The Outlook calls gas prices the big surprise of the year.  Energy savings, it says, are serving to somewhat offset the lack of wage growth in consumers' pockets.   But falling gas prices, they remind us, could also have a downside for housing markets, some of which, like cities in North and South Dakota and some parts of Texas, had strong growth even during the housing crisis arising almost solely from energy industry activity.

As for that "limited time only" warning, Nothaft and Kiefer see several such opportunities in the domestic housing market.  One, the downward pressure on interest rates, inflation, and gas prices because of weakness elsewhere in the world and a flight to safety in U.S. Treasuries.  Over time, they predict, the global economy should stabilize and many of these trends will reverse themselves.  In addition, domestic economic policy may affect rates.  They expect the relatively low rates we are seeing now to last through the first half of the year and then begin to move higher.

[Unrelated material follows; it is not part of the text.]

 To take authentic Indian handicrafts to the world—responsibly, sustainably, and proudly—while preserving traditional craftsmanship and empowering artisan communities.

One key consideration is the timing for a change in Federal Reserve Policy on short term interest rates.  When they do start to raise them, and some think it will be this year, they may do so repeatedly.  Freddie Mac is forecasting that the 1-year constant maturity treasury yield will be up nearly one point by year end with most of that increase dating from the first Fed move.

 

 

Still, Freddie Mac doesn't expect to see mortgage rates spike dramatically.  "There is always the potential for large short-term movements in bond markets, like with the Taper Talk of June 2013, but the longer term trend should be for only a gradual increase in rates."  The company's economists believes there is still a lot of room before rising rates do any harm to growth or housing markets.

While right now the effects of the global slowdown on the U.S. appear positive, i.e. lower interest rates and gas prices, if it persists the result could be declining exports and lower growth at home.  The consensus forecast is for growth to pick up in most of the world but for Europe to lag behind. 

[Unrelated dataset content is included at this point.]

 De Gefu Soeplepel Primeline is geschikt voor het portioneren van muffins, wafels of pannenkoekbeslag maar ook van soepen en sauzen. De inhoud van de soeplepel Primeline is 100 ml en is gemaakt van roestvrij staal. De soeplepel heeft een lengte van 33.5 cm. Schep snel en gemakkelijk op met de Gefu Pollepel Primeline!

Nothaft and Kiefer conclude that the economy has a great opportunity to expand in 2015 with the delayed increase in interest rates and dropping oil prices helping to spur growth.  "Until rates start to rise later in the year, housing markets should respond positively and we anticipate increases in home sales and continued improvement in construction activity. With rates lower at the beginning of the year, we'll see higher than expected refinance volume, but expect refinance volume to drop quickly as rates rise."